Ela abraçou o pescoço de Meicy com o punhal em mão. Não sabia exatamente o que pretendia fazer, mas que aquela posição lhe deixava tão próxima do feiticeiro que conseguia sentir a respiração quente nele em sua face. Ela tocou a lâmina afiada na pele dele, enquanto sua outra mão deslizava sob a face. Ela sentiu as mãos do feiticeiro em sua cintura e cada vez mais ele a puxava para mais junto do seu corpo. Tão juntos que seus lábios se tocaram e desencadearam em um ardente beijo.
Kelmo apertou a lâmina no pescoço de Meicy, sentiu a pele dele se arrepiar a cada mergulho de dor que o fio do punhal causava ao afundar em sua pele. Isso não impediam que parassem de se beijarem, o contrário, aumentavam ainda mais a intensidade.

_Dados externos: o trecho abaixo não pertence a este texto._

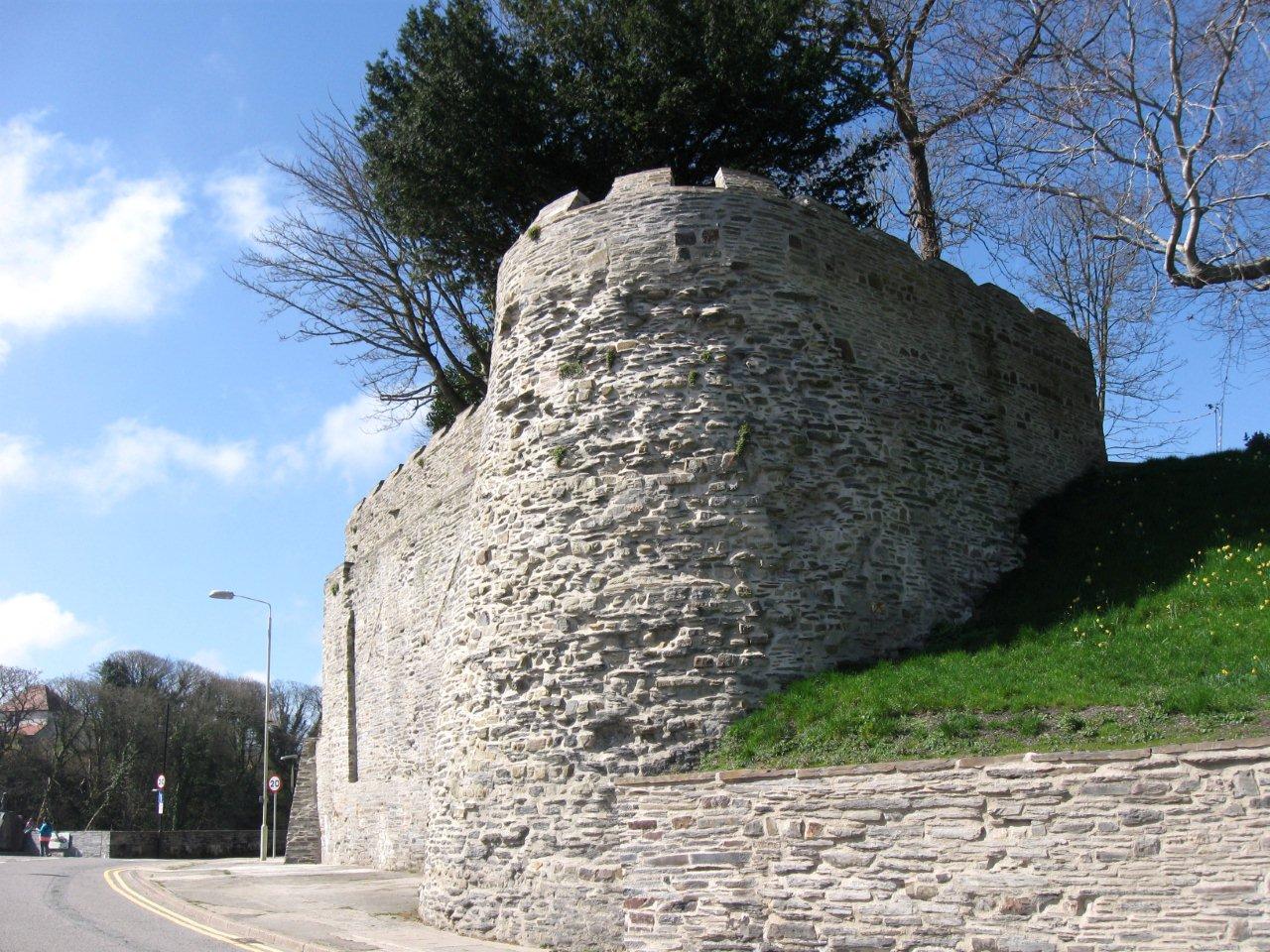 The south east tower and southern revetment wall. The tower has been altered and is lower than it would have been.

O sangue de Meicy derramava e sujava sua camiseta branca, Kelmo havia paralisado então suas mãos enquanto se entregava completamente ao feiticeiro. Ela deixou o punhal cair no mesmo momento em que Meicy abaixou as alças de sua blusa e passeou com seus lábios por seu pescoço, ombros e por fim até os seios.
Meicy ignorou o corte em seu pescoço quem em poucos minutos estava se cicatrizando e Kelmo se entregava aos seus desejos.